● AVAILABLE DATA:
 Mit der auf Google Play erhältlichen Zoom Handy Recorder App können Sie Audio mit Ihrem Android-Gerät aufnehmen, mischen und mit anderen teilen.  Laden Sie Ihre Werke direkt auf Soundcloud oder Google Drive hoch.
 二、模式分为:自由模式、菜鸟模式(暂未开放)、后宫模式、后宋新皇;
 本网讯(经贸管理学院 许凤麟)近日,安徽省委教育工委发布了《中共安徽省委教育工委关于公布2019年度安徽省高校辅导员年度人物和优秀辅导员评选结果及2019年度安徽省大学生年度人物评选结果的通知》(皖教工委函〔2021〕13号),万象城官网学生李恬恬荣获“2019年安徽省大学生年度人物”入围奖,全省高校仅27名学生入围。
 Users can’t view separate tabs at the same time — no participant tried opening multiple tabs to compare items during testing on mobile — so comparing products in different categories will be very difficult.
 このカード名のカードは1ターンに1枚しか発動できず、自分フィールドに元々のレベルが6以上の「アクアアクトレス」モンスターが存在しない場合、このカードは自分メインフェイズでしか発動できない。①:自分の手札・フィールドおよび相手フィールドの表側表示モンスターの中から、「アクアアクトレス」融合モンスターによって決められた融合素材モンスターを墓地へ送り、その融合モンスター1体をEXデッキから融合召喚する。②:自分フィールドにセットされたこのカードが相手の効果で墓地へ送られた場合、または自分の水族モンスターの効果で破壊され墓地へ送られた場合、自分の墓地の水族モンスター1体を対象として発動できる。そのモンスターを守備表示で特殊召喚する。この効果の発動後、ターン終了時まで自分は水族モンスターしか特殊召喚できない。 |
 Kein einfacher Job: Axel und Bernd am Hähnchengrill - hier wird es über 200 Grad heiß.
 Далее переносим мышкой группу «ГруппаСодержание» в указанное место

--

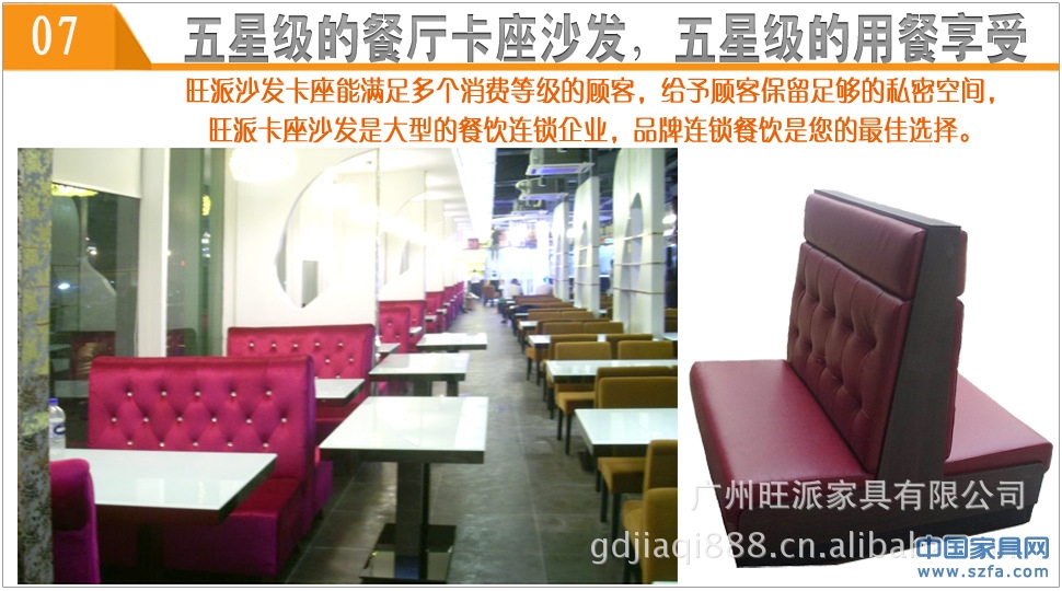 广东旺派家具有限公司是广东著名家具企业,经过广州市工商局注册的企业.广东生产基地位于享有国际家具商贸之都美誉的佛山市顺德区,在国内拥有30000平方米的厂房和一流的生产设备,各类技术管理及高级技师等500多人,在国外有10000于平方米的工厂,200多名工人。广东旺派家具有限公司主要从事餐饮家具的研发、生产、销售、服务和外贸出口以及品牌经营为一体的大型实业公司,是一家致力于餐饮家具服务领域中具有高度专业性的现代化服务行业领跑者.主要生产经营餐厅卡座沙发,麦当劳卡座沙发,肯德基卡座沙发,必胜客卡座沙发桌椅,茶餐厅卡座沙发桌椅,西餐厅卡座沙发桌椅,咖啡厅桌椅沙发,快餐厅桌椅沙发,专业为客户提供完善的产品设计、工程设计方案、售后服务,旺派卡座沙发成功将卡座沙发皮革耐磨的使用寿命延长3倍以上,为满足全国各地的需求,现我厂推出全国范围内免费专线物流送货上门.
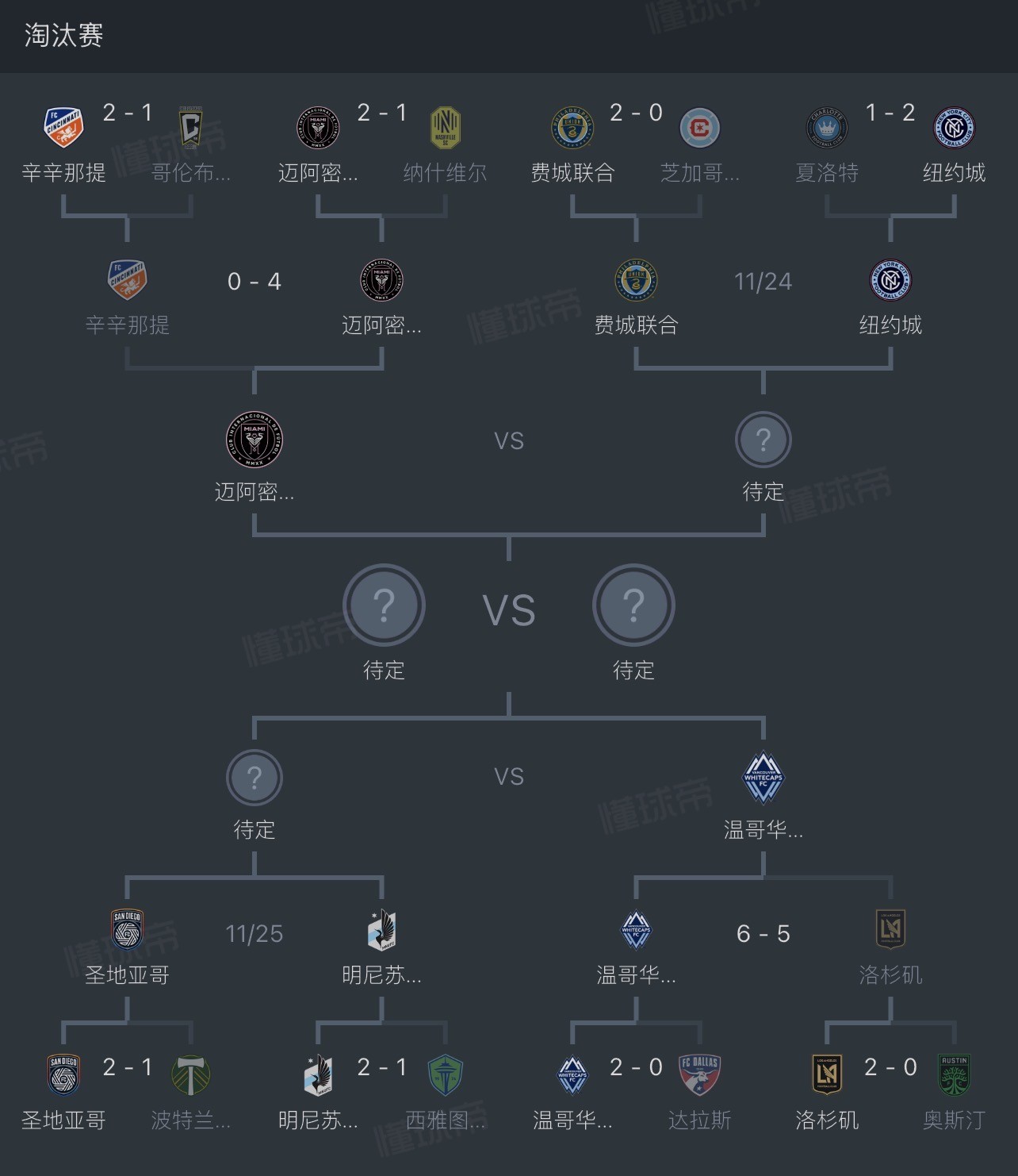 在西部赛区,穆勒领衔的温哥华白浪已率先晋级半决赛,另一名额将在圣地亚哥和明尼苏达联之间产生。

---

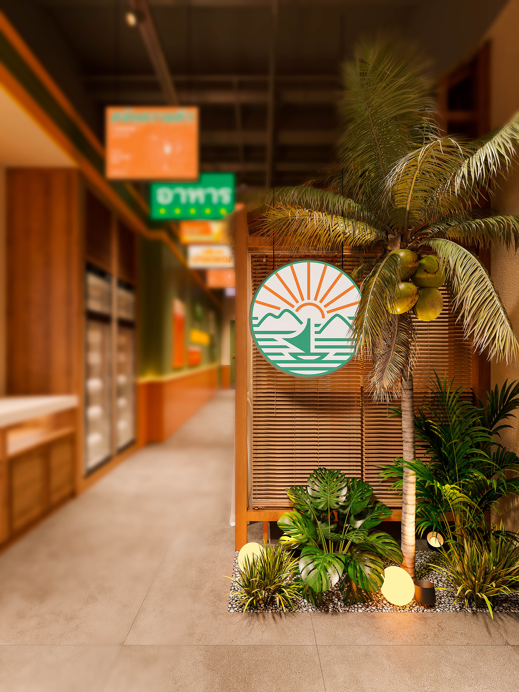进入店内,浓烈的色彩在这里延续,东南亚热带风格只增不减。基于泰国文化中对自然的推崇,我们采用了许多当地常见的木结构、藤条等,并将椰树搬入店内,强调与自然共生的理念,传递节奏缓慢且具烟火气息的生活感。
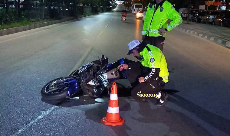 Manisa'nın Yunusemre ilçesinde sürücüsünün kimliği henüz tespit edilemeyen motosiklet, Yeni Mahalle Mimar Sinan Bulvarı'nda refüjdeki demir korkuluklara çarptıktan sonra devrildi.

● TASK DESCRIPTION: Among the entries above, find the line with "Mit der auf" and the line with "Далее переносим мышкой"; give again exactly these two lines and all lines between them.

● FINISHED TASK:
 Mit der auf Google Play erhältlichen Zoom Handy Recorder App können Sie Audio mit Ihrem Android-Gerät aufnehmen, mischen und mit anderen teilen.  Laden Sie Ihre Werke direkt auf Soundcloud oder Google Drive hoch.
 二、模式分为:自由模式、菜鸟模式(暂未开放)、后宫模式、后宋新皇;
 本网讯(经贸管理学院 许凤麟)近日,安徽省委教育工委发布了《中共安徽省委教育工委关于公布2019年度安徽省高校辅导员年度人物和优秀辅导员评选结果及2019年度安徽省大学生年度人物评选结果的通知》(皖教工委函〔2021〕13号),万象城官网学生李恬恬荣获“2019年安徽省大学生年度人物”入围奖,全省高校仅27名学生入围。
 Users can’t view separate tabs at the same time — no participant tried opening multiple tabs to compare items during testing on mobile — so comparing products in different categories will be very difficult.
 このカード名のカードは1ターンに1枚しか発動できず、自分フィールドに元々のレベルが6以上の「アクアアクトレス」モンスターが存在しない場合、このカードは自分メインフェイズでしか発動できない。①:自分の手札・フィールドおよび相手フィールドの表側表示モンスターの中から、「アクアアクトレス」融合モンスターによって決められた融合素材モンスターを墓地へ送り、その融合モンスター1体をEXデッキから融合召喚する。②:自分フィールドにセットされたこのカードが相手の効果で墓地へ送られた場合、または自分の水族モンスターの効果で破壊され墓地へ送られた場合、自分の墓地の水族モンスター1体を対象として発動できる。そのモンスターを守備表示で特殊召喚する。この効果の発動後、ターン終了時まで自分は水族モンスターしか特殊召喚できない。 |
 Kein einfacher Job: Axel und Bernd am Hähnchengrill - hier wird es über 200 Grad heiß.
 Далее переносим мышкой группу «ГруппаСодержание» в указанное место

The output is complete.